Request a private PKI certificate using the CLI

Use the request-certificate command to request a private certificate in ACM.


When you request a private PKI certificate signed by a CA from AWS Private CA, the specified signing algorithm family (RSA or ECDSA) must match the algorithm family of the CA's secret key.

aws acm request-certificate \ --domain-name \ --idempotency-token 12563 \ --certificate-authority-arn arn:aws:acm-pca:Region:444455556666:\ certificate-authority/CA_ID

This command outputs the Amazon Resource Name (ARN) of your new private certificate.

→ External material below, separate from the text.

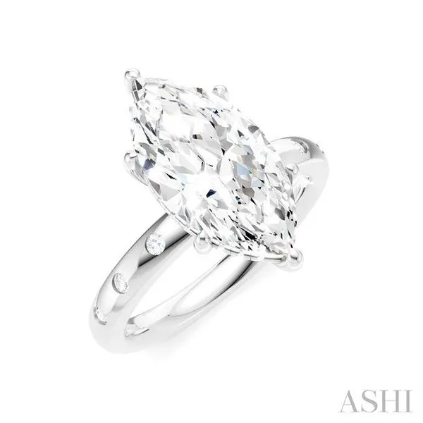 3. 1/6 Marquise Shape Round Cut Diamond Semi-Mount Engagement Ring in 14K White Gold

{ "CertificateArn": "arn:aws:acm:Region:444455556666:certificate/certificate_ID" }

In most cases, ACM automatically attaches a service-linked role (SLR) to your account the first time that you use a shared CA. The SLR enables automatic renewal of end-entity certificates that you issue. To check whether the SLR is present, you can query IAM with the following command:

aws iam get-role --role-name AWSServiceRoleForCertificateManager

If the SLR is present, the command output should resemble the following:

{ "Role":{ "Path":"/aws-service-role/", "RoleName":"AWSServiceRoleForCertificateManager", "RoleId":"AAAAAAA0000000BBBBBBB", "Arn":"arn:aws:iam::{account_no}:role/aws-service-role/", "CreateDate":"2020-08-01T23:10:41Z", "AssumeRolePolicyDocument":{ "Version":"2012-10-17", "Statement":[ { "Effect":"Allow", "Principal":{ "Service":"" }, "Action":"sts:AssumeRole" } ] }, "Description":"SLR for ACM Service for accessing cross-account Private CA", "MaxSessionDuration":3600, "RoleLastUsed":{ "LastUsedDate":"2020-08-01T23:11:04Z", "Region":"ap-southeast-1" } } }

If the SLR is missing, see Using a Service Linked Role with ACM.